Из этого ты видишь, что я бросился к Tirât не по нежеланию пить воды в Эмсе. О водах в Эмсе мне Тильман ничего, не говорил, а Цемплину я не верю не потому, что он получает 50 000 талеров, а потому, что он шарлатан, невежда и мошенник. А что Тильман меня послал к нему, это очень просто: больше не к кому было послать: на этих водах всего два доктора, одни шарлатан и невежда, но не дурак, а другой и шарлатан, и невежда, и дурак вдобавок. Я уже не говорю о том, что Тильман для меня совсем не то, что Магомет для мусульман. Он прекрасный доктор и прекрасный человек, но из этого не слёдует; чтобы все люди, с которыми он связан знакомством и которых он хвалит, походили на него, и чтобы он не мог ошибаться. Я обратился к Tirât, как к известному в Европе специальному для грудных болезней доктору, изобретшему новое и самое действительное против чахотки средство, тайну которого он хранит для себя. Я не имею ни малейшего желания умереть, а, напротив, имею сильное желание жить; сверх того, я обязан семейством стараться о сохранении моей жизни. Теперь: хорош бы я был, если б предпочел г. Цемплина, доказавшего мне свое невежество и свое невнимание к больным, г-ну Тира, о котором Анненков рассказывал мне чудеса, которых очевидным свидетелем он был сам, ежедневно посещая m-me Языкову. Но твое болезненное воображение и тут умело сочинить целую небывалую историю, чтобы мучить себя. Ты вообразила, что Языкова лечилась года полтора и т. д. Слушай же, как она лечилась. Она целые дни палила и жгла папиросы, несмотря на строжайшее запрещение Tirât, сама их приготовляла на машинке, сидя над кучею табаку и вдыхая в себя его ядовитую пыль. Вместо того, чтобы ложиться в 9 и в 10 часов, она просиживала ночи до 5 часов. Сверх того, она считает себя большим знатоком в медицине и, лечась лекарствами Тира, принимала еще и свои. А лечилась она у него не 1 1/2 года, как пишешь ты, а только одну зиму, – и несмотря на всё это, несмотря на то, что он нашел ее готовою умереть через три дня, – он отпустил ее в Россию почти здоровою. Ведь это уже не просто лечение, а что-то вроде чуда! Но, что касается до меня, у меня есть какое-то глубокое убеждение, что Tirât сделает меня совершенно здоровым, приведет в лучшее положение, нежели в каком я был лет 5 назад.
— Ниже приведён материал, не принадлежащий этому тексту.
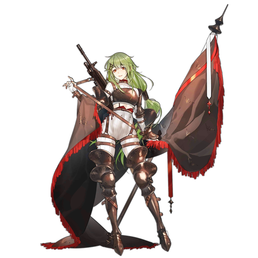 設計MK48時SA考慮到機槍應該有大姐姐的感覺,於是便加入了姐系的元素。而綠髮則是因為當時槍娘中並沒有這種髮色。目測3測那會開始設計的,公測有加入綠毛手槍和綠毛機槍AAT52

Ты всё думаешь, что я бросился в Париж для удовольствий, для кутежа; а если бы не слова Анненкова о Tirât, так я из Зальцбрунна бросился бы сломя голову в Петербург. Я уверен, что ты думаешь теперь, что я уже и бог знает как повредил себе разными наслаждениями и вином и прочим; но я – мое тебе честное слово – до сих пор ни капли вина в рот не взял, а о прочем, может быть, и не подумал ни разу. Я совсем не так жаден к удовольствиям, как ты думаешь, и если я действительно несколько повредил себе вином прошлое лето, – так это вина не моя, а Тильмана: скажи он мне, что у меня были раны на легких и что я легко при невоздержании могу дойти вот до таких-то и таких-то последствий, – да мне насильно никто не впустил бы в рот капли вина. Вот и с этой стороны мне Tirât особенное внушает к себе доверие: он сказал, что считает долгом обманывать только таких больных, которые неизлечимы и близки к смерти; но что, как скоро есть какая-нибудь надежда на излечение, он никогда не скрывает от больного его положения, но говорит ему сущую правду, а уж тот веди себя сам как хочет. Как только Tirât выпустит меня из своего maison de santê[297] и скажет мне, что ему больше нечего делать со мною, – сейчас же скачу домой, и если промедлю недельку в Париже (мне хочется посмотреть на театры), то в таком только случае, если известия от тебя будут благоприятны.
Насчет шерстинки ты не так меня поняла: ее надо Оле носить постоянно, как предохранительное от горловой простуды средство, а не надевать временно, как лекарство. Я в нее не верю, потому что сам не ношу. Впрочем, Tirât надел на меня нечто похуже шерстинки: фланелевую фуфайку, и велел ее всю жизнь, и днем и ночью, и зимою и летом, носить под рубашкою! И я уже надел. Вчера был день холодный, так ничего, а сегодня опять жар – так мочи нет, да еще пластырь рвет грудь.
За комнату, стол и прислугу я плачу 200 франков в месяц. Леченье с лекарствами обойдется, вероятно, столько же. У дома сад, а из саду калитка ведет в Булонский лес. Обедаю я в 6 часов вечера, завтракаю часов в одиннадцать. Кофею не пью.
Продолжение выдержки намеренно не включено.